How come space is O(1), what if we have numbers like 10000, then you have to create a huge mask, which cannot be stored and you have to eventually create an array
another better approach is: int[] findTwoElement(int arr[], int n) { int[] res = new int[2]; long totalN = (long) n*(n+1)/2; long sum = 0; for (int i = 0; i < n; i++) { sum += arr[i]; } for (int i = 0; i < n; i++) { int remain = n - Math.abs(arr[i]); if (arr[remain] > 0){ arr[remain] *= -1; }else{ res[0] = Math.abs(arr[i]); } } sum = sum - res[0]; res[1] = (int) (totalN - sum); return res; }
Can you cover up more no. of questions in a single video? The interview process has been started by many companies. it will be helpful for us to complete them in short period of time. Otherwise your channel is awesome :D
@i've abandoned myChild Be in your limits sir. I asked if he could cover up more questions in a single video not asking for solutions. So better you mind your own business.
Bro, I did this question before and stopped at the summation soln as it was optimal. I think if I tell the xor soln the interviewer would be sure that I had already done the question. Will it be a bad thing, as he may say that if you had known the soln then you should already tell the most optimal approach and save time for both of us?
Really a very important question. Striver, please do try to answer this. Becoz if we tell such solutions like the last one, it doesn't show our logical/thinking ability because no one can get such a solution by himself. Moreover, it may create a bad impact on the interviewer that we have mugged up the solution. I was getting this doubt a lot of times while preparing...

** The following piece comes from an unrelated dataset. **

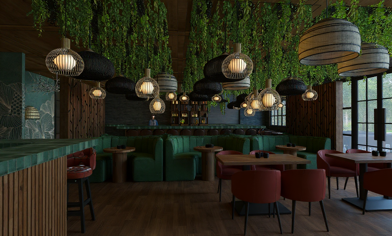 keep same colors curved bar lower and higher countertop add soft white lighting to room

@@anshumandas5392 Yes, the question is a really good one. I was also asking this to myself for quite sometime. I didn't find any answer. Please reply to this bro.
Thing is both interviewer n interviewee know that questions are repeated, but never reveal it to the interviewer that you have faced the exact same problem before. If they were to ask you that, say that you have faced a similar problem before and always go from brute to optimal. Mostly stick with the square solution unless the interviewer really wants you to optimise the overflow condition, most cases they won't.
This one is too good. I saw this video earier and left it as I was not able to grasp the whole logic that time Saw this question again today and I knew where to go to learn the logic Thanks a ton!!!!
1. Sum of n integers - sum of all array elements. 2. Find repeating element through sorting and add it to the answer got from 1. This gives the missing element. Eg. {4,3,6,2,1,1}; 1. 21-17=4; 2. 4+1=5; 1 is repeating and 5 is missing. Let me know if this approach is correct for all edge cases.
xor of same number result in zero. leaving behind the different number! take an example 1231234 in the array if u want to find out the number which have only one occurrence.. simply xor them you'll end up with 4 only! since x*x=0 where x=1,2,3. Here in the question (4,3,6,2,1,1) if u xor them with 1 ton meaning (443^6^2^1^1]*[14243444546] same number gets cancel results in num= [1^5] and which u have to compute the missing number and repeating one! soo to find 1 and 5 u have to do the remaining step!
A similar problem- wap to find unique number in an array of n numbers in which except one (unique number) rest all are present thrice! i/p = [1,2,3,1,2,3,4,1,2,3] o/p = 4
I have explained the XOR method in detail with the help of an example. You can check the link - github.com/zeph0yr/Competitive-programming/blob/master/Striver's%20SDE%20sheet/Day:1%20(Arrays)/Find%20Repeat%20and%20Missing%20Number.cpp
xor of same number result in zero.. leaving behind the different number! take an example [1,2,3,1,2,3,4] in the array if u want to find out the number which have only one occurence.. simply xor them you'll end up with 4 only! since x^x=0 where x=1,2,3... Here in the question [4,3,6,2,1,1] if u xor them with 1 to n meaning [4^3^6^2^1^1]^[1^2^3^4^5^6] same number gets cancel.. results in num= [1^5] and which u have to compute the missing number and repeating one! soo to find 1 and 5 u have to do the remaining step!
A similar problem- wap to find unique number in an array of n numbers in which except one (unique number) rest all are present thrice! i/p = [1,2,3,1,2,3,4,1,2,3] o/p = 4
learn basics of bit masking then it be very easy to understand and only then it makes sense. it took me 2 days to completely understand and code this problem. theirs a webinar by prateek narang on bit masking go watch it you will be able to understand this q.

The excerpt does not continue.